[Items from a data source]
:::::

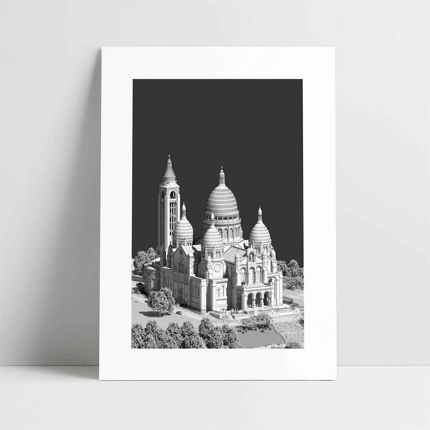 Illustration du Sacré Coeur à Paris, réalisée en 3D et exportée pour impression.
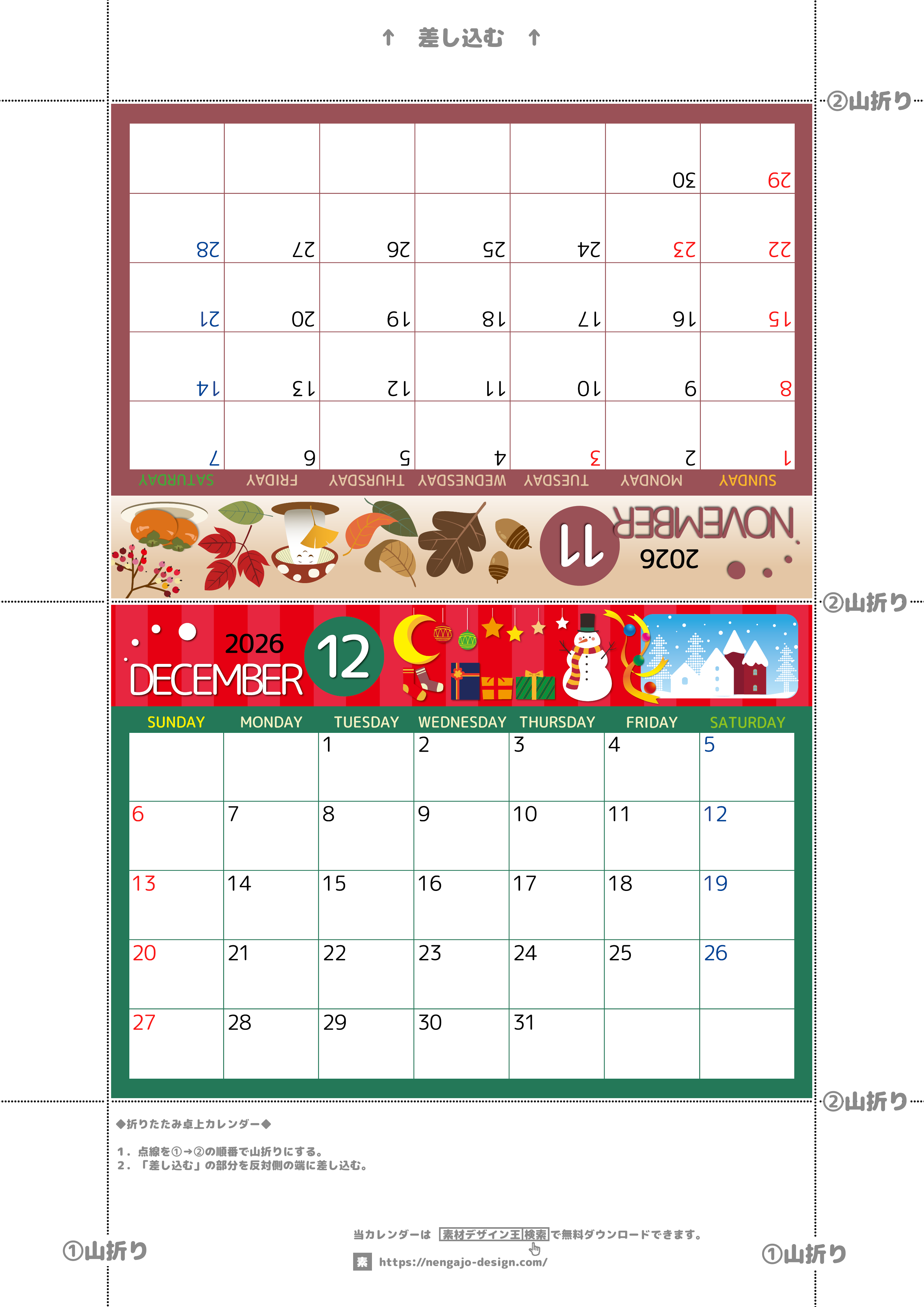 2026年・無料のカレンダーテンプレート 2026年の卓上カレンダー(11月・12月)は日曜始まり♪おしゃれなだけでなく折り方ガイド付きで作り方が簡単♪無料/A4(2026-000811-1230) 素材状デザイン王 2025年4月14日 2026年の卓上カレンダー(11月・12月)は日曜始まりです。おしゃれなだけでなく折り方ガイド付きなので作り方が簡単です、ハサミもいらないです。無料ダウンロードしてA4用紙に印刷しましょう。(2026-000811-1230) おしゃれ カレンダーデザイン-0008 11月 12月 季節 日曜始まり 卓上
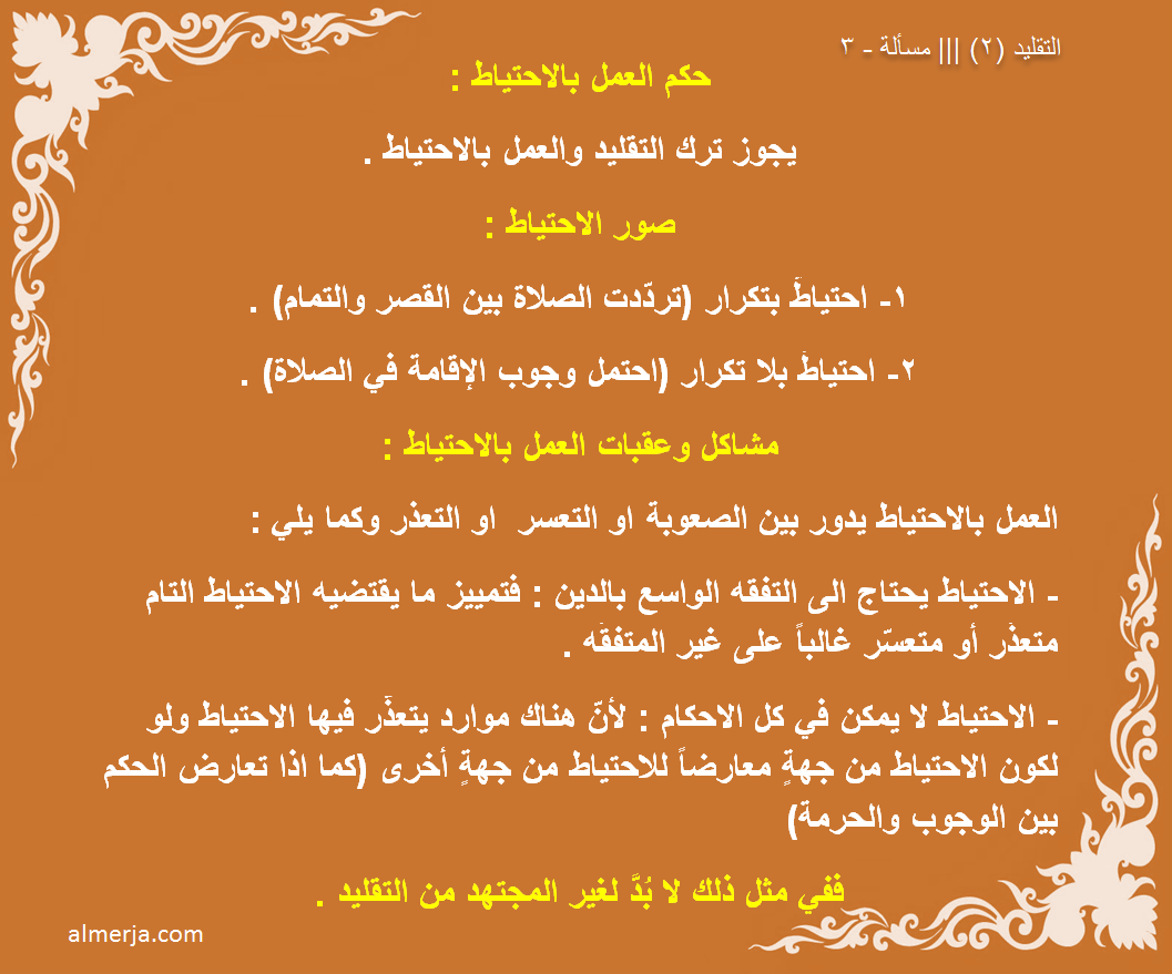 - الاحتياط يحتاج الى التفقه الواسع بالدين : فتمييز ما يقتضيه الاحتياط التام متعذّر أو متعسّر غالباً على غير المتفقّه .
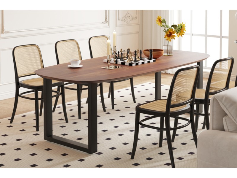 La table Tommy se distingue par sa forme ovale douce et épurée, inspirée du style nordique. Cette silhouette permet une circulation fluide autour de la table et une meilleure convivialité lors des repas.
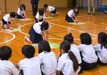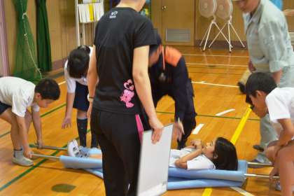 地域防災リーダー、区役所、消防署、PTAのみなさんにご協力いただき、全校児童で防災体験訓練を行いました。救急救命法や、担架作りを行ったり、災害時の水害映像視聴や液状化現象の模擬実験など体験し、とても有意義な活動ができました。

:::::

The job here is to retype the data exactly, with no pictures included.

▶ WRITTEN ANSWER:
 Illustration du Sacré Coeur à Paris, réalisée en 3D et exportée pour impression.
 2026年・無料のカレンダーテンプレート 2026年の卓上カレンダー(11月・12月)は日曜始まり♪おしゃれなだけでなく折り方ガイド付きで作り方が簡単♪無料/A4(2026-000811-1230) 素材状デザイン王 2025年4月14日 2026年の卓上カレンダー(11月・12月)は日曜始まりです。おしゃれなだけでなく折り方ガイド付きなので作り方が簡単です、ハサミもいらないです。無料ダウンロードしてA4用紙に印刷しましょう。(2026-000811-1230) おしゃれ カレンダーデザイン-0008 11月 12月 季節 日曜始まり 卓上
 - الاحتياط يحتاج الى التفقه الواسع بالدين : فتمييز ما يقتضيه الاحتياط التام متعذّر أو متعسّر غالباً على غير المتفقّه .
 La table Tommy se distingue par sa forme ovale douce et épurée, inspirée du style nordique. Cette silhouette permet une circulation fluide autour de la table et une meilleure convivialité lors des repas.
 地域防災リーダー、区役所、消防署、PTAのみなさんにご協力いただき、全校児童で防災体験訓練を行いました。救急救命法や、担架作りを行ったり、災害時の水害映像視聴や液状化現象の模擬実験など体験し、とても有意義な活動ができました。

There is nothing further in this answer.